D.H. Lawrence, Saint Francis and True Humility

I was reading in Robert MacFarlane’s Landmarks (London, Hamish Hamilton, 2015, p107) a couple of  lines from D.H. Lawrence.

daisy.cream (498x640)

The dandelion in full flower, a little sun bristling with sun-rays on the green earth, is a non-pareil, a nonsuch. Foolish, foolish, foolish to compare it to anything else on earth. It is itself incomparable and unique.

As Macfarlane points out, Lawrence is contradicting himself by comparing the flower to the sun. We contradict ourselves all the time, and indeed we compare things all the time; it is not always destructive. ‘Shall I compare thee to a summer’s day?’ suggests that Shakespeare saw plenty to praise in the recipient of his sonnet.

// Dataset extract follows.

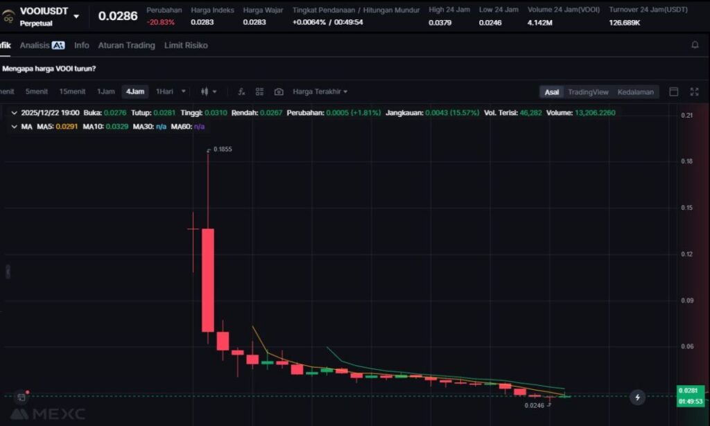VOOI melemah 22.25% seiring penurunan minat pada platform chain-abstracted DEX aggregator.

Francis set out to praise in his Canticle of the Creatures:

Praised be You, My Lord, with all your creatures, especially Sir Brother Sun,

Who is the day and through whom you give us light.

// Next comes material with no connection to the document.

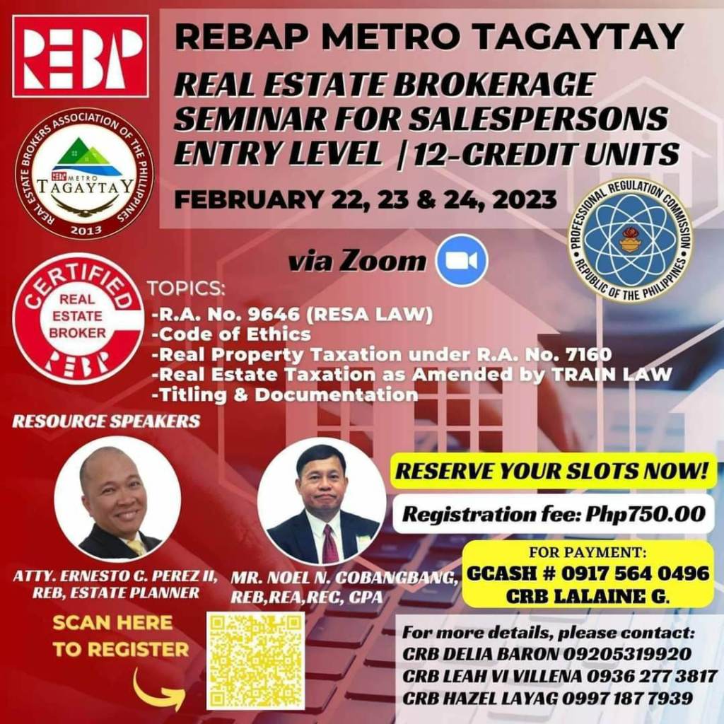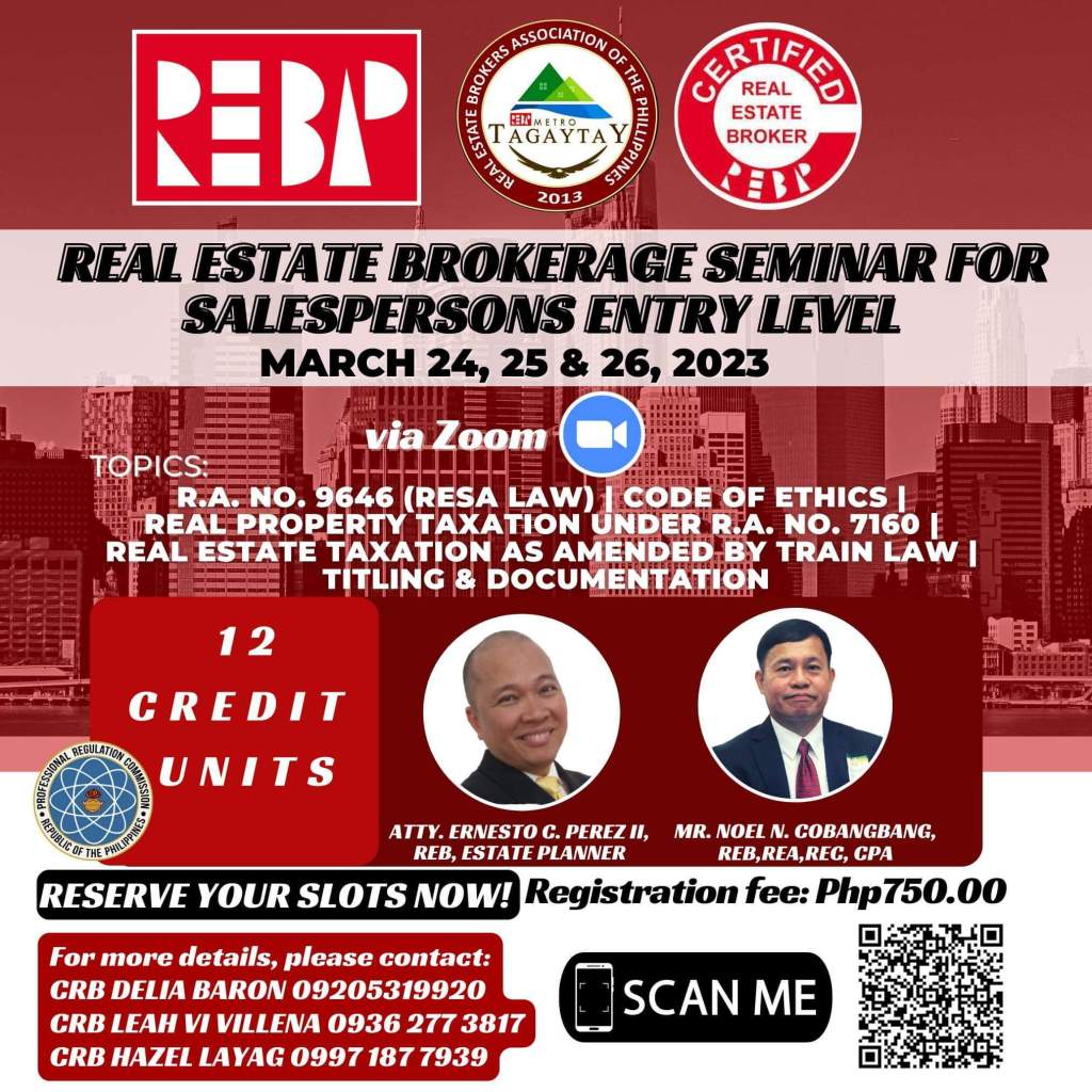 This is the Entry-level Seminar for aspiring Real Estate Salespersons who desire to be accredited under Rep. Act No. 9646, brought to you by REBAP Metro Tagaytay Chapter. I will present the following topics on March 24 & 26, 2023, respectively: (1) Standards of Practice Under RA 9646 [RESA]; (2) Code of Ethics and Responsibilities of RESPs; and (3) Documentation & Registration of Real Estate Transactions. Scan the QR Code or contact the CRBs at their contact numbers. Payment of the investment fee is thru GCash – 09175640496, Ms. Lalaine Gali.

And he is beautiful and radiant with great splendour,

And bears a likeness of You, Most High One.

If Brother Sun bears a likeness of the Creator, and the dandelion is a little sun on the green earth, perhaps we should be out of doors on our knees more often. We may have to pull up Brother Dandelion, but we can still admire this humble, radiant flower of the field and praise its maker.

This cream coloured variant of the dandelion caught my eye near Vallorcines in French Savoy.